What epistemic benefit could distorted memories have? There is some evidence that distorted memories contribute to construction or preservation of a sense of self, especially in the presence of serious memory deficits. Jetten and colleagues argue that accuracy of memory is not necessarily predictive of wellbeing and some memory illusions can serve to preserve mental health. In the context of severe memory loss, people can lose access to accurate autobiographical memories, but maintain the capacity to construct a new identity. Although the work concentrates on the benefits of memory distortions and fabrications for wellbeing and mental health, indirect benefits for the acquisition of true beliefs could be hypothesised. The reduction of stress and anxiety caused by the fading memories, and the new confidence obtained via a reconstruction of one's identity can make one more eager and able to interact with one's social and physical environment.

The very inspiring work by Fotopoulou further confirms this insight.
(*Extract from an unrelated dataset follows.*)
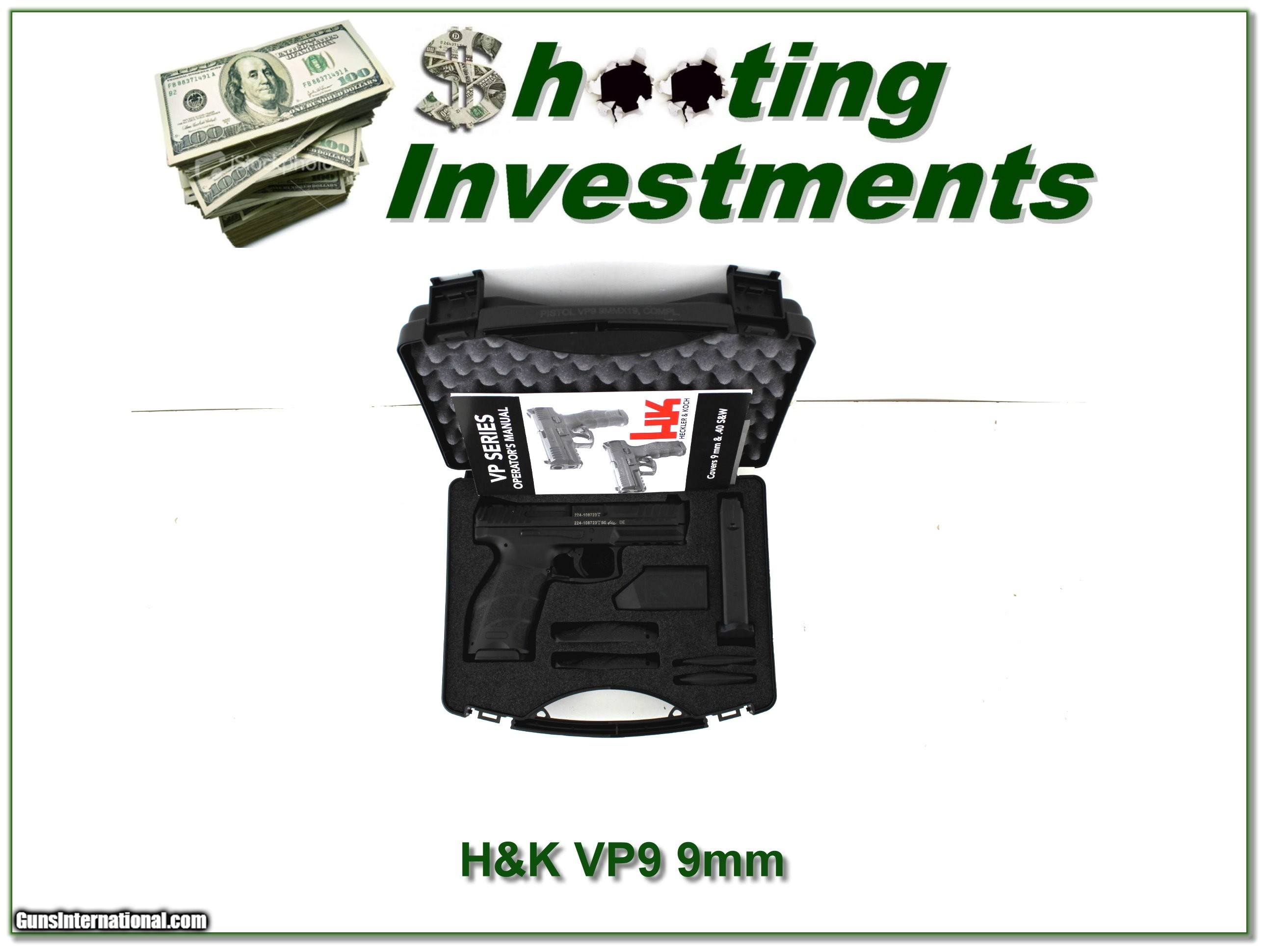 Description: Shooters and collectors, this is a new and unfired H&K VP9 in 9mm. It comes with 2 15 round magazines and it’s in the original case with all paper s as shown! I am selling this one on consignment and as such lay-a-way can’t be used. It does of course have the standard 3-day inspection. Shipping and insurance is $39. Please email me with any questions or larger pictures. (Consign your quality firearms with Shooting Investments for only 12%! Let me know if you have any you would like to sell!) 22-0815 Payment: Payment is by Money Order, Cashier’s Check or Personal Check. I can now also accept Credit Cards (MasterCard, Visa, Discover & American Express) with a 3% convenience fee. Shipping: The shipping charge will be listed in each description. It is $49 for most firearms. Some heavy guns or those insured for over $2000 will be higher. Shipments to Alaska and Hawaii are higher because air shipment is required. Most firearms are shipped on Tuesday and Thursday and usually in 5 days of receipt of payment. We package all shipments carefully and insure them. Optics are shipped Priority Mail and most other non-firearm shipments are shipped First Class. Returns: Our return policy is simple. If for any reason you are not pleased with your purchase, you may return your item for a full refund of purchase price. Ammunition cannot be returned. It is important to us that you are happy. Guns cannot be fired or dissembled before returning them and they must be returned in the same condition as received. Notification of a return must occur within 3 days of receipt at your dealer. Shipping, convenience and dealer fees are not refundable and are the responsibility of the buyer. Lay-a-way: If needed, we offer a 60 day lay-a-way option on most firearms. It is 1/3 now, 1/3 in 30 days and 1/3 in 60 days. Lay-a-way firearm sales are final and cannot be returned. If a lay-a-way is not completed the first payment cannot be refunded. Consigning your firearms with Shooting Investments: We will help you get top dollar for your firearms. While most local guns shops charge 20% or more, our fee is only 12% with a minimum of $75. At your local gun shop it might take months to sell. Selling on-line provides instant access to thousands of interested buyers. You won’t find any other on-line dealer willing to sell your firearms for only 12% or listing every gun on 3 separate s. Selling through an House typically costs the seller 15% and the buyer an addition 15% (so 30%) and you have to wait several months to sell and longer to receive funds. If properly priced, we will sell your firearms within a few weeks. Send us an email or give us a call and we’ll explain how easy it is for you to get top dollar. Trading: Trading for us is really just buying your gun to re-sell. If you have a gun you want to trade, please email a picture and we will let you know what we can give for it. You will always get more if we sell it for you on consignment. SOLD |

When she talks about confabulation, she acknowledges that confabulations have "poor correspondence of reality", but she also points out that they "represent attempts to define one's self in time and in relation to the world". If we recognise that loss of autobiographical memory (in the context of dementia or brain damage) impairs epistemic functionality as well as mental health and wellbeing, then the capacity to form a new identity on the basis of inaccurate memories might restore not just mental health and wellbeing to some extent, but also the self-confidence and the social interactions instrumental to the acquisition and exchange of true beliefs.

In practice, psychological and epistemic benefits may depend on the extent to which (1) distorted memories and confabulations preserve some important truth about the agent that she and the people around her can identify and rely on; (2) alternative sources of information about the self that are more accurate than the distorted memories or the confabulated narratives are genuinely available to the agent. In some situations (advanced dementia), it would seem that the alternative to a false self would be no self at all.